I'm writing this because it is not fair or reasonable to ask me, or anyone else, to attend a food based function if my dietary needs cannot be met. No, it's not OK for me to "just eat before I come" (Yes, I have had people suggest this) or "just take a punt" (NO.) I do not want to sit watching other people eat while I sip my water. I refuse to risk being made sick because it's too much trouble to make my food safe.

This glutening was my own doing, sort of (I ordered the food, I trusted it based on past experiences, I ate it. These things happen). But I have been caught multiple times in the past by other people's lack of concern or lack of interest, and you know what, bugger that. If this makes me a bad guest, so be it. I'm not doing it anymore. The sequelae of being glutened is just too revolting.


  1. Thank you for sharing this. It sounds absolutely terrible. I think that is not nearly enough discussion about these illnesses, especially given their growing trends.

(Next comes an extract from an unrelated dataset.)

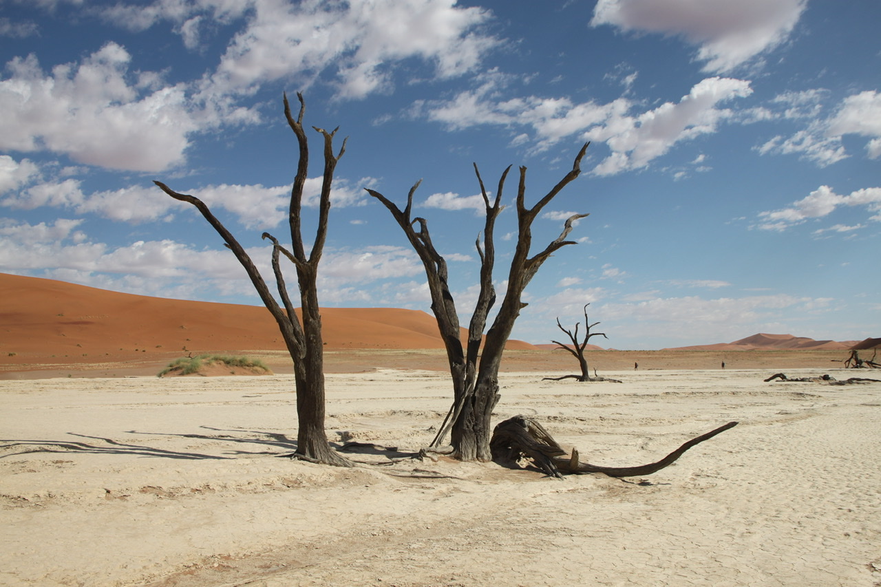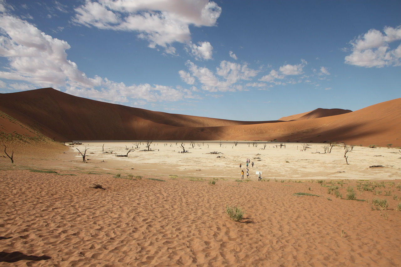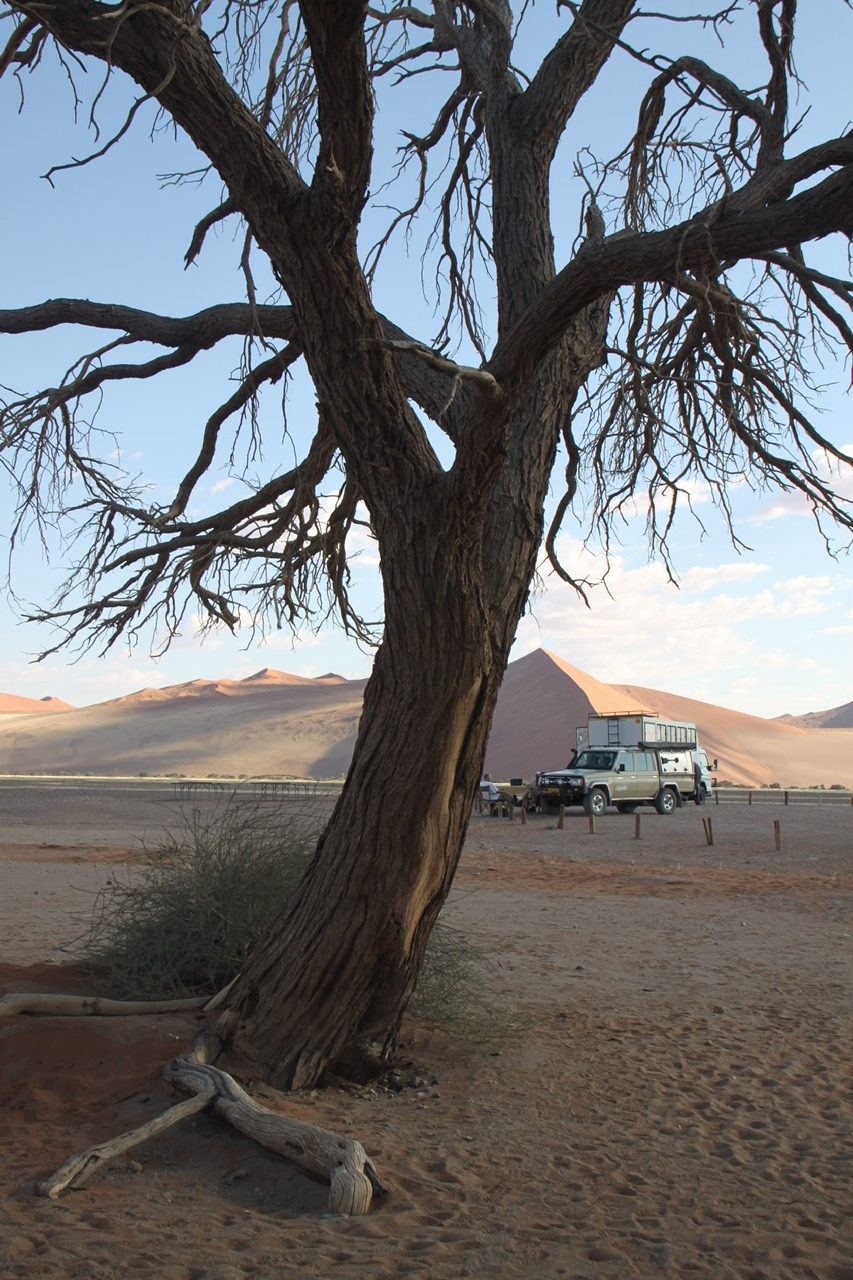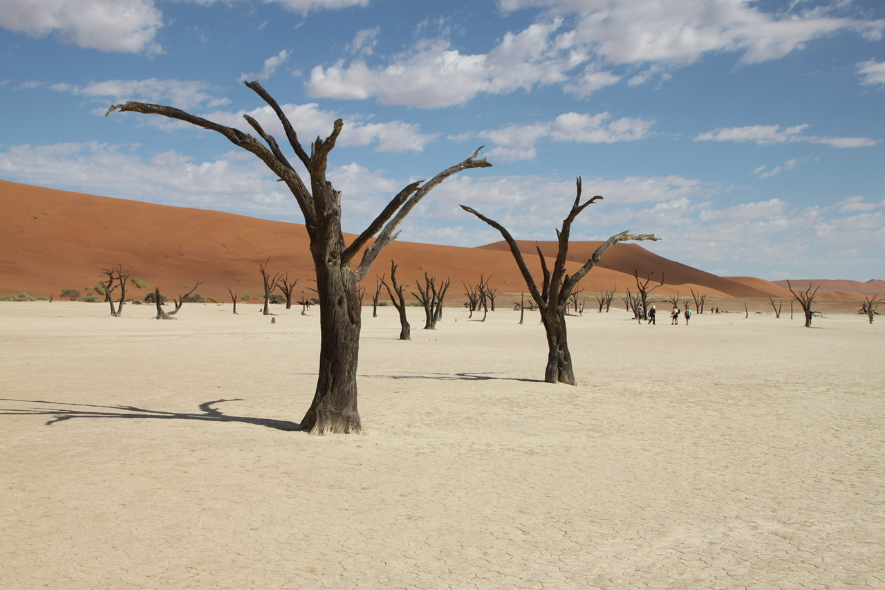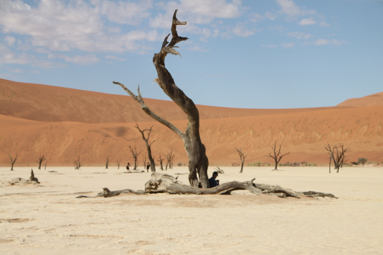Wenn man von Namibia hört, kommt immer wieder das schöne Wort Sossusvlei ins Spiel. Was kann ich mir darunter vorstellen? Sossusvlei liegt ca. 4 Fahrtstunden südlich von Winkhoek. Hier floss vor 2,5 Millionen Jahren ein Fluss (der Tsauchab River) von den großen Bergen im Landesinneren in westlicher Richtung ins Meer. Irgendwann breitete sich die Namib Wüste so weit aus, dass sie den Fluss zum Stop brachte. Das Wasser versickerte in einer Senke, einer sog. Salz-Ton-Pfanne mitten in den roten Dünen. Am Ende des Tals (Dead Vlei) stehen im hellen Sand uralte abgestorbene Kameldornbäume, die aufgrund des trockenen Klimas nur super langsam verrotten. Big Daddy, die größte Düne der Welt grenzt daran. Es sind sehr auffällige intensive Farben und eine wunderschöne, stimmungsvolle Kulisse.

    Fairy wishes and butterfly kisses lovely

  2. Oh my goodness, this is awful - of course you should not eat gluten - how dare anyone even suggest otherwise?? People's inability to understand these things makes my mind boggle - my son has severe allergies and I was once told by someone - that he should eat it (her food) because it was home made and that the allergies are only for commercial food - I wanted to thump her! Their inconvenience is insulting isn't it?
    Hope you feel better soon xx
    Josefa from #teamIBOT

  3. It's totally fair for you to insist on being able to eat food that suits you. I agree - a week spent in pain and discomfort is completely unfair.

  4. That sounds downright miserable. :( How long have you known about it? It really makes me wonder about what we put in our mouths these days! Not just people who have known problems, but all of us. I can only just begin to imagine how hard it must be, especially in social situations. -Aroha (#teamIBOT)

  5. I never understood the importance of gluten free until we realised that my son had a wheat intolerance. Obviously not as severe as your condition, but considering he's only just turned 3, the difference we've noticed since eliminating wheat is AMAZING. So now I take people far more seriously when they tell me then need gluten free options!

  6. I commented and looked away and then the box was empty again. Did I publish? lol.
    What I was saying was that I never understood the importance of gluten free until we discovered our son had a wheat intolerance. Not quite as severe as your situation, but the difference in him since we eliminated wheat is AMAZING. So now I have a new found respect for gluten free requirements!